Producing a large print book

With the e-book, paperback and hardcover editions of my book "Green Technology Strategies" available, I thought I might try a Large Print edition. These books use fonts of 16 to 20 points to make them easier to read for those with limited vision.

Guidelines usually suggest a sans serif font and wider spacing for large print books. For a novel, the larger font is usually accommodated by using smaller margins, a slightly larger page and increasing the number of pages in the book. But for a textbook, the page numbering can be significant.

The largest paper size offered by LuLu's print on demand service is A4 (8.26 x 11.69 inches). My PDF typeset original is designed for U.S. Trade (6 x 9 inch) with a 11 point Times Roman font. Simply by printing on larger A4 paper will enlarge the pages 130%, increasing the font to 14 points.
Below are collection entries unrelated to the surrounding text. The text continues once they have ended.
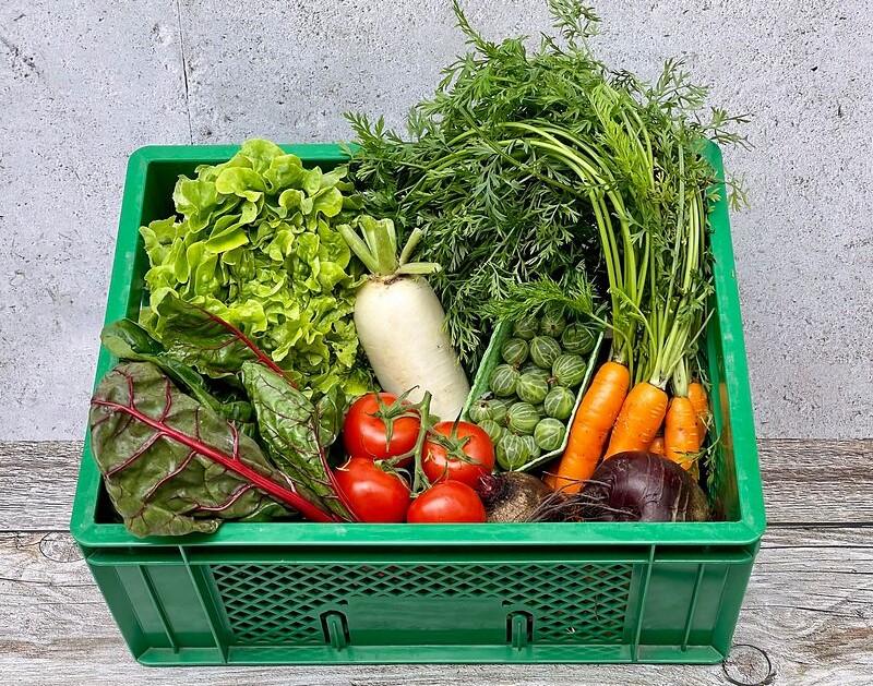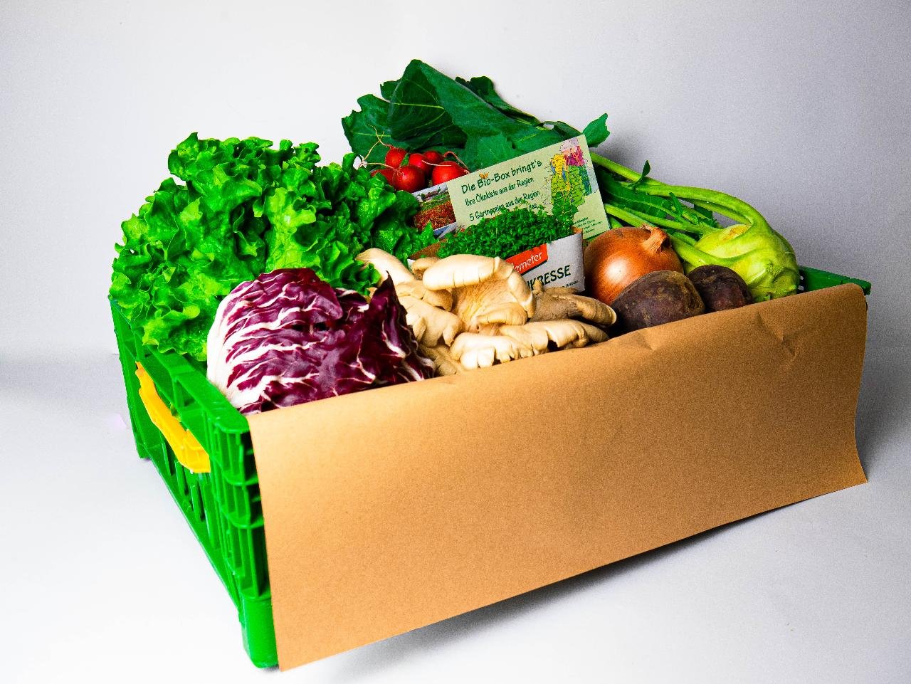 ein Grundsortiment an Gemüse, Salat und Kräutern nach Saison. Die Boxen werden abwechslungsreich jede Woche neu zusammengestellt. Passend dazu gibt's jede Woche ein Rezept im Newsletter.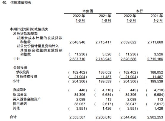 2022年1-6月,成都银行信用减值损失为25.54亿元,上年同期为29.06亿元,其中,发放贷款和垫款减值损失为26.38亿元,上年同期为27.19亿元。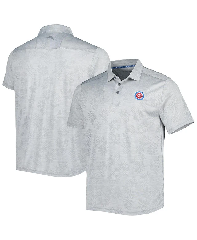Men's Tommy Bahama Gray Chicago Cubs IslandZone Pineapple Palm Coast Polo Shirt

This is a bit small for a for a large print book. I could reduce the margins to .5 inches (the minimum for LuLu), which would allow the text to be enlarged to about 138%, or about 15 points .

Other changes would require redoing the typesetting of the book. Currently I have just one typeset version for hardback, paperback and the e-book. Some of changes could be made to this with a large print version in mind, so the one original would work for all. As an example, a slightly larger font could be used for the standard editions, such as 11.5 point (up from 11 point) and slightly larger margins (1 inch up from .79). This would allow a larger large print version wile maintaining compatibility. Others require a different typesetting for the large print edition.

Times Roman is a serif font, which is not recommended for readability for those with limited vision. LuLu provide a limited range of fonts, which those in supplied PDF documents are converted to before printing (so it is best to start with one of these). Of the LuLu supported fonts, these are sans: Arial, Tahoma and Verdana. Of these Verdana looks the most suitable as it designed for readability at small sizes. Changing the font to Ariel adds about 10 pages to the book. Verdana is more generously spaced and ads about 20 pages. Increasing the font to 16 point would increase the book to 156 pages.

It might be worth changing the font for the e-book version as well as the large print edition. In fact it might be worth reversing the usual priority, where the print edition is seen as normal, and large print and e-book versions are derived from these. A standard size print edition with 11.5 point Verdana would look a little unusual, but be very readable.

Also adding 20 pages to the book might make it more marketable, with the customer feeling they are getting more (even if what they are getting is more white space). Originally I laid the book out to minimise white space, ignoring some printing conventions (such as starting a new chapter on an odd numbered page), so it looks a little crowded. Adding more white space, a larger font and larger margins would increase the book from 114 to 172 pages (a 50% increase).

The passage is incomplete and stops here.